Part of that job is visiting local high schools to talk to students who cartels try to recruit to help smuggle drugs or people north. And it's the Hispanic youth who are the most susceptible, he says.

And when asked how he speaks to them without making them feel profiled, Hernandez says, “Well, the thing is, I'm one of those kids.”

Hernandez grew up in an Arizona border town, where he saw people who worked with the cartels get killed.

“I need more than two hands to count how many friends in high school were killed. I, through a different turn of events, would have maybe ended up on the wrong path. But I had good parents and I understood the risks involved,” he says. “So — is it a profiling? I don't believe so.”

It can be tough when public sentiment turns against border guards, like when the media runs stories about deaths of migrants trying to cross the desert from Mexico to the US.

Paco and Hernandez say it frustrates and saddens them when people risk their lives and break the law. Hernandez says all border agents can do when that happens is focus on the job, which often is to save the people who they find trying to cross.

Also: Fear of immigration raids? This Honduran woman says she would cross the border again.

“Sometimes we were seen as this entity that might be a little stern and harsh to some people, but we're not,” he says. “We're focused on humanitarian efforts because it's the right thing to do.”

But Rodriguez of the Colibrí Center says the fact the border patrol has to spend time and money saving people shows US policy isn’t working. People trying to reach the US aren’t deterred by the harsh journey across the desert.

A desert, she says, that is “beautiful, amazing, pristine, but utterly cruel and does not discriminate. And it does not forgive you in the winter and it does not forgive you in the summer and it will take everything from you.”

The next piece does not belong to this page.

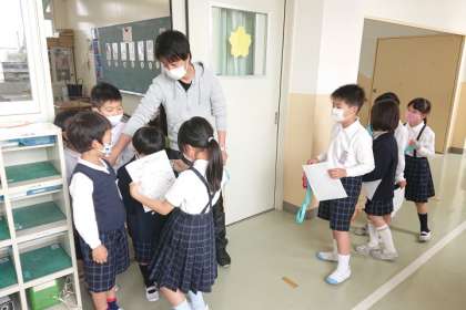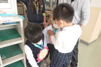 1年生は、2年生に「くびかざりカード」をかけてもらい、校内の特別教室などを回ります。
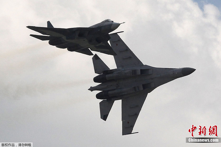 俄罗斯航展公众开放日上的飞行表演

So much so that it’s almost like the desert swallows up the bodies of those who die. Sometimes there are just small pieces of people left, like a fragment of a skull, that Rodriguez has to then send to families.

“We have to sit there on the phone and beg families, like, 'Don't open the box when it comes home to you.' That is probably the thing that makes me the most ashamed,” she says. “We straddle this place of the living and the dead because we're looking at a skull on one screen and a picture of this guy at his wedding on another. And you just can't reconcile that that person is not here any more.”

Rodriguez says she has a constant feeling that she’s trying to make up for something her government is doing, and it's not enough.

But border agents Paco and Hernandez say power over American border policy rests with those who’ve always had it: the American people.